Several weeks before the Kenyan election, a curious story by Charles Onyango-Obbo in The East African (Nairobi) reported: "A leading supermarket in Kenya has slapped an embargo on large sales of machetes, or pangas as they are popularly known around East Africa."

He went on to say, somewhat alarmingly:

The panga moratorium follows reports that unusually large numbers were being bought, and there were fears they would be used to hack political rivals to death during elections.

As an East African, the surprising thing about this was that the story did not make newspaper broadcast headlines until police intercepted a car with government number plates carrying a rich mix of pangas, bows and arrows, and rungus (clubs).

In Rwanda and Uganda, the story would have been bigger and stayed alive for days because, for historical reasons, machetes evoke a particularly frightening spectre of violence.

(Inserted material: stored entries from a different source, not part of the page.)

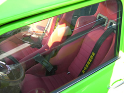 Zwei Sportschalensitze in Rot inkl. Hosenträgergurte, Chrom Carbonoptik Bremshebelverkleidung und Schalthebel.
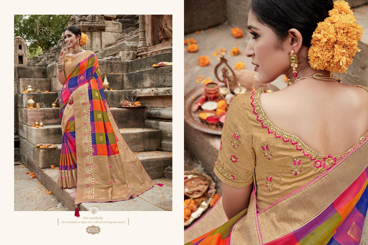 Brand Â? ???? Maataram product Catlog name Â? Parinay Bhandan Fabric detail. silk fab.in all over cheqs weving with jaikard pallu border n emb.blouse Total 9 saree in one set . *Rate - 1695/- per Pcs * * set & Loose & Singel * GST 5 Percent Extra . |
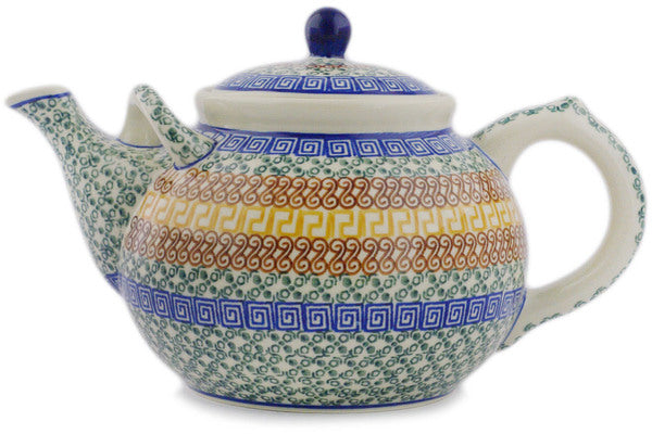 This Polish Pottery 61 oz Tea or Coffee Pot - Grecian Sea is handmade and handpainted by the Ceramika Artystyczna factory in Boleslawiec, Poland.
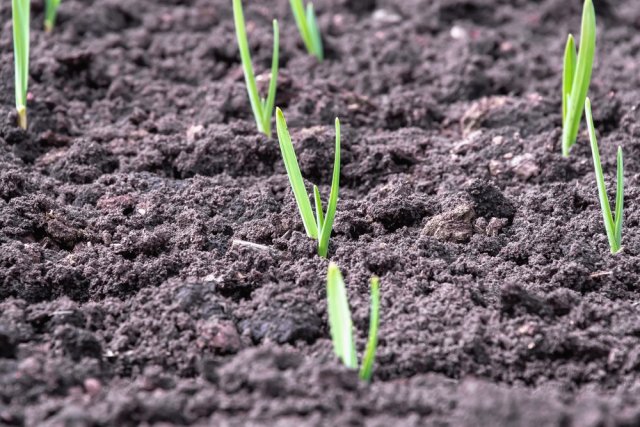 Первую подкормку озимого чеснока проводят ранней весной, когда полностью оттает почва и на поверхности покажутся зеленые ростки. В этот период культура нуждается в большом количестве азота, который будет стимулировать рост наземной части растений.
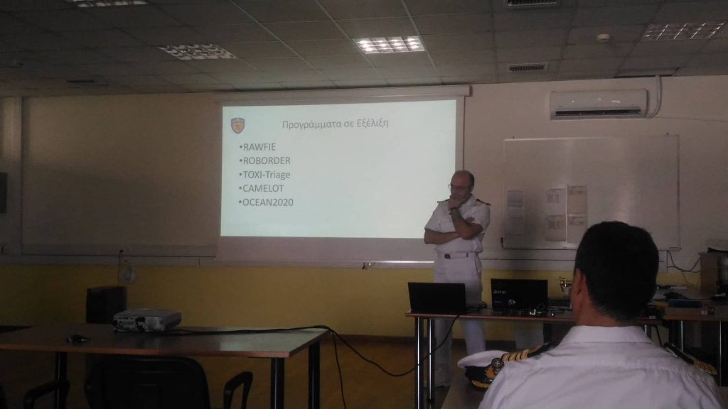 Μετά το πέρας της ανάλυσης των εργασιών στο ακαδημαϊκό προσωπικό, ακολούθησε αναλυτική παρουσίαση των ευρωπαϊκών προγραμμάτων CAMELOT, OCEAN2020, RAWFIE, ROBORDER και TOXI-TRIAGE από τον Τμηματάρχη Διαχείρισης και Παρακολούθησης Έργων της Διεύθυνσης Διαχείρισης Ευρωπαϊκών και Αναπτυξιακών Προγραμμάτων, Αντχο (Μ) Σπυρίδων Κίντζιο ΠΝ και ακολούθησε εποικοδομητικός διάλογος με τους δόκιμους της ΣΝΔ.
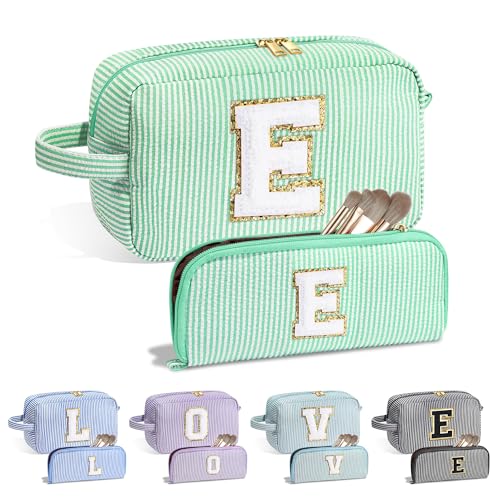 ❤【Unique Fashion Design】You are going to get 2 pack checkered makeup bag in total, the initial makeup bag is designed with more than one compartments, which can keep your cosmetics orderly and tidy. The front of the bag has a unique stitch chenille letter will not easy to drop. Suitable for your daily make-up and tools.The supernumerary initial monogram bag can hood your important items as a Trip toiletry bag or other function. It brings great convenience to your life.
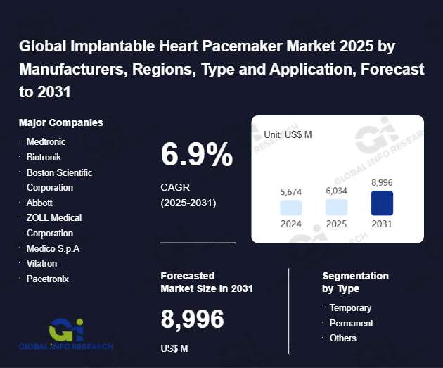 Global Info Research has recently published "Global Implantable Heart Pacemaker Market 2026 by Manufacturers, Regions, Type and Application, Forecast to 2032". This report systematically analyzes the global Implantable Heart Pacemaker market, providing multi-dimensional insights through type (Temporary、 Permanent、 Others), application (Heart Block、 Sick Sinus Syndrome、 Diagnosing Heart Diseases、 Others), regional markets, and major manufacturers (Medtronic、 Biotronik、 Boston Scientific Corporation、 Abbott、 ZOLL Medical Corporation、 Medico S.p.A、 Vitatron、 Pacetronix、 Sorin Group、 Cordis, Inc、 Neuroiz、 Abbott、 Shree Pacetronix、 Cook Medical、 Izhevsky Mekhanichesky Zavod、 CCC Medical Devices、 Pacetronix、 Cardioelectronica、 Lepu Medical Technology Co Ltd、 LivaNova PLC、 Qinming Medical), assessing the market status, trend evolution, and competitive landscape impact from 2021 to 2032.
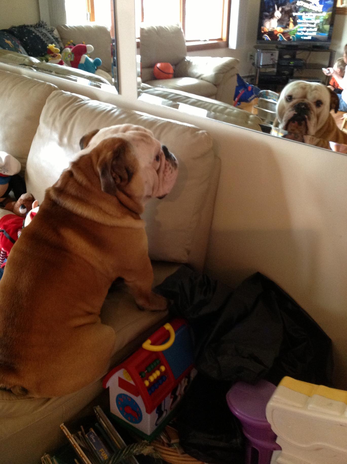 He sure does..but what's not to love right?The pictures you get of Chums are so freakin funny.... he sure loves himself, huh?
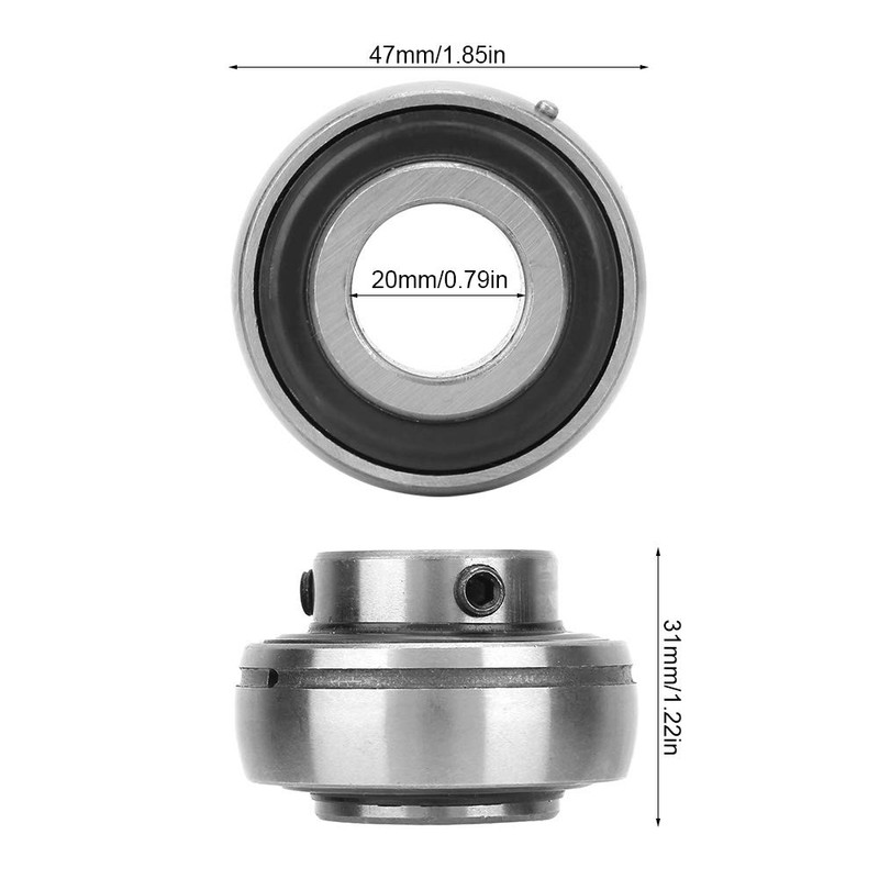 Radial Insert Bearing, Steel 2pcs UC204/UC204-12 Ball Bearing 31mm/1.22in Height for Variety of Machinery(UC204)

Then he goes on to tell what he has seen, having been an eye-witness shortly after events in those other places — and his tone gets quite unreasonable. I didn't tell you the title of the article, but it sums up his paranoia:

Beware the Machete , Kenyans. It Commits Murder Most Intimate

Today there's an opinion piece in The Monitor (Kampala) by the wonderfully named John Smith, which refers twice to the previous article by saying, first, "the Kenyan press warned the public a few weeks back that some people were buying large quantities of machetes from supermarkets prior to the elections." – and next, "Coming back to the fact that the Kenyan press warned the public a few weeks ago about large quantities of machetes being purchased from supermarkets, I would like to ask the question, is the world falling into Oginga's trap?"

Smith ignores the information in the previous article about the government's own pre-election preparations. But in other respects, he is much more a man of the real world than that wimp, Onyango-Obbo. Smith doesn't condemn the machete. He targets the opposition leader.

For, as the National Machete Association says: It's not machetes that kill people. It's people that kill people.